08-03-2020, 10:39 AM
Quote: @purplefaithful said:I don't miss my hour long commute (40 hours--a work week--spent in my car every month), but very much miss interacting face to face with co-workers. We're scheduled to go back September 7th, but we'll see...I think we're going to work from home two to three times a week to start.
Is the five-day office week gone for good?Both workers and companies want to keep some work at home.By Claire Cain Miller New York TimesAugust 2, 2020
Most office workers are in no hurry to return to the office full time, even after the coronavirus is under control. But that does not mean they want to work from home forever. The future, a variety of new data shows, is likely to be workweeks split between office and home.Recent surveys show that both employees and employers support this arrangement. And research suggests that a couple of days a week at each location is the magic number to reap the benefits of each arrangement while canceling out the negatives of both.
“You should never be thinking about full time or zero time,” said Nicholas Bloom, an economics professor at Stanford University whose research has identified causal links between remote work and employee performance. “I’m a firm believer in post-COVID halftime in the office.”
According to a survey by Morning Consult, 47% of those working remotely say that once it is safe to return to work, their ideal arrangement would be to continue working from home one to four days a week.
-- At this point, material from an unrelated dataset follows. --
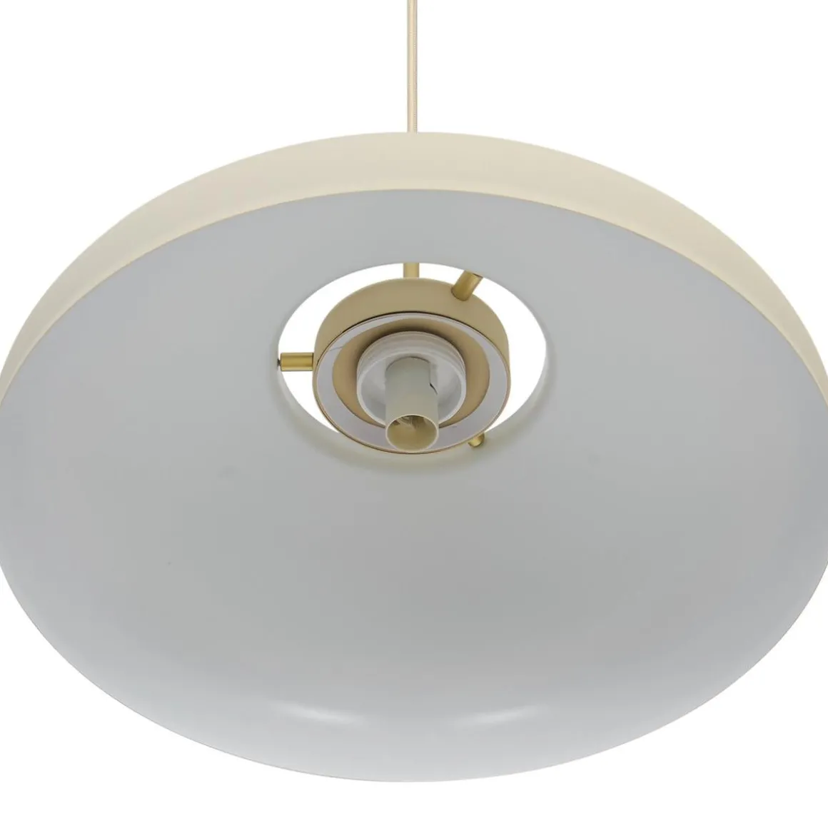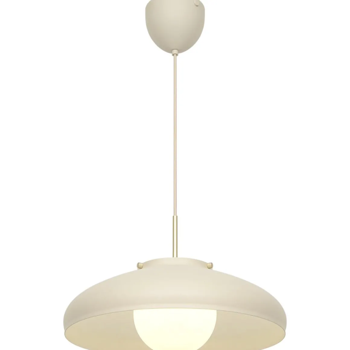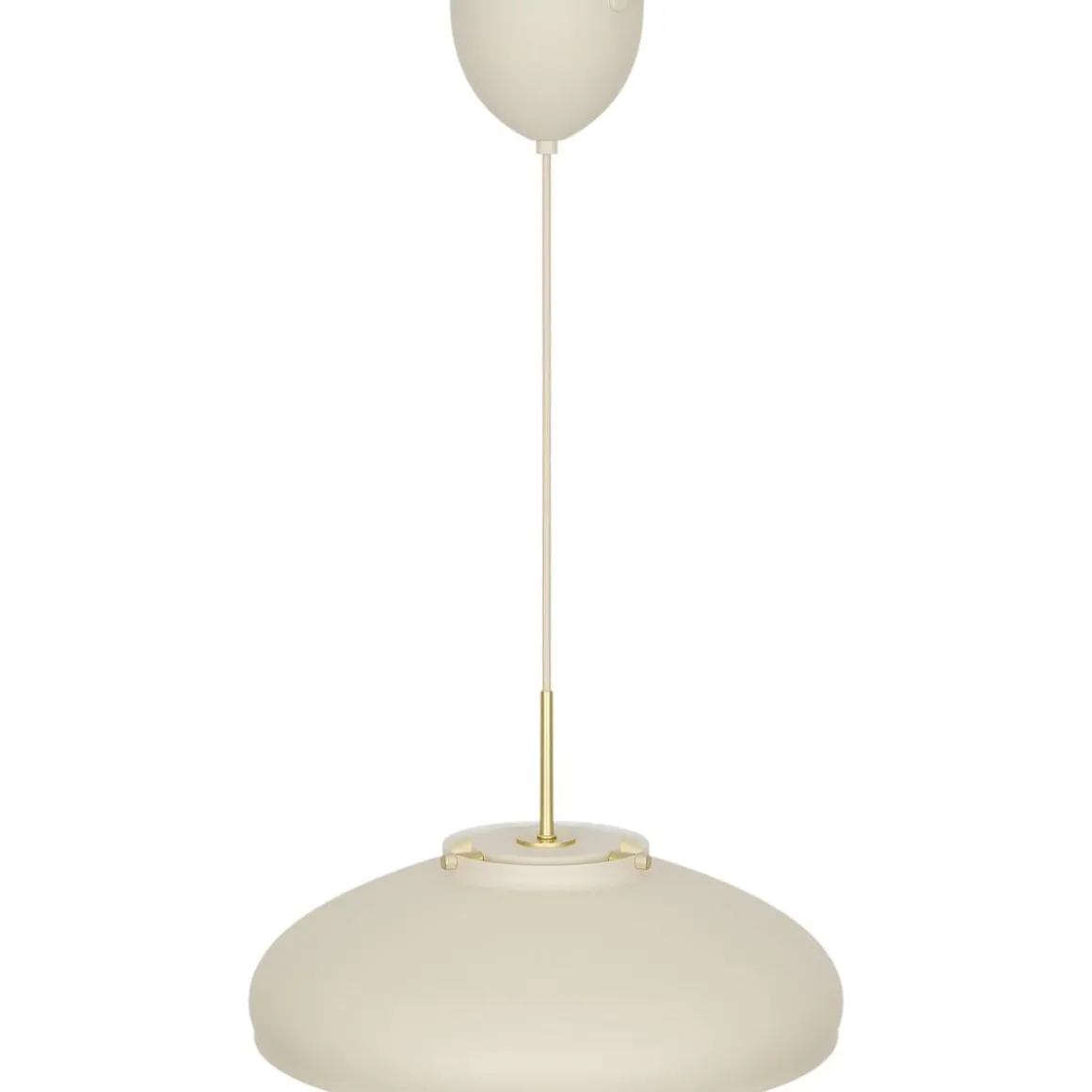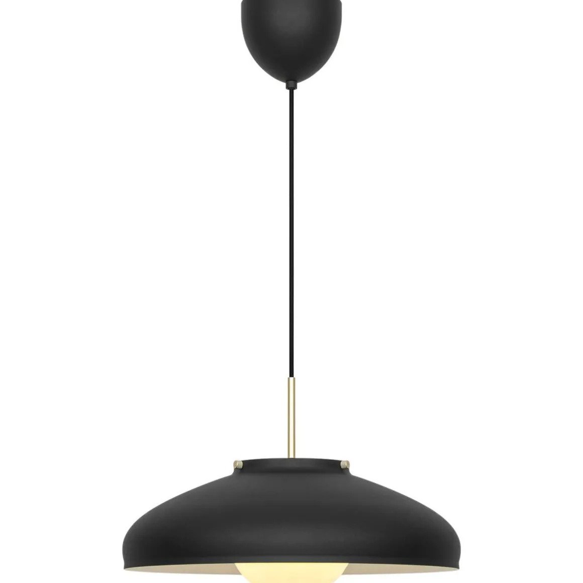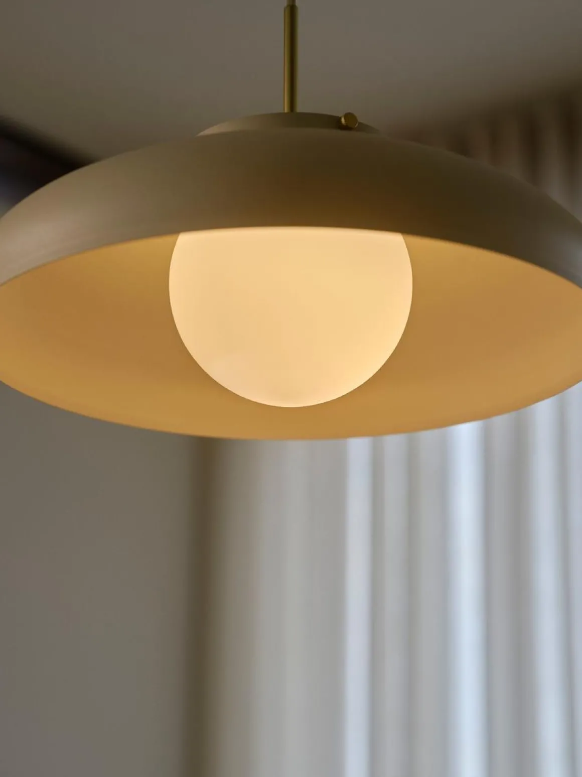 Latif er en moderne og elegant pendellampe designet av den danske designduoen Anker Studio. Skjermen er utført i ru metall med detaljer i børstet messing. Den runde diffusoren i opalglass sikrer et mykt lys som ikke blender, noe som gjør lampen perfekt over spisebordet for å skape et behagelig lys.

Forty percent would work from home every day, and just 14% would return to the office every day.
The group of workers that is able to work from home is likely to have more education, with higher incomes, and so far they have escaped the most severe job losses from the pandemic. That could change if the economy continues to suffer, which analysts said could affect work-from-home policies — say, for instance, that employers opt to make remote work permanent to cut real estate costs.
In the Survey of Business Uncertainty — which was conducted by the Atlanta Fed, Stanford and the University of Chicago — employers predicted that post-pandemic, 27% of their full-time employees would continue working from home, most for a few days a week. Other surveys of firms have shown that they expect at least 40% of employees to keep working remotely.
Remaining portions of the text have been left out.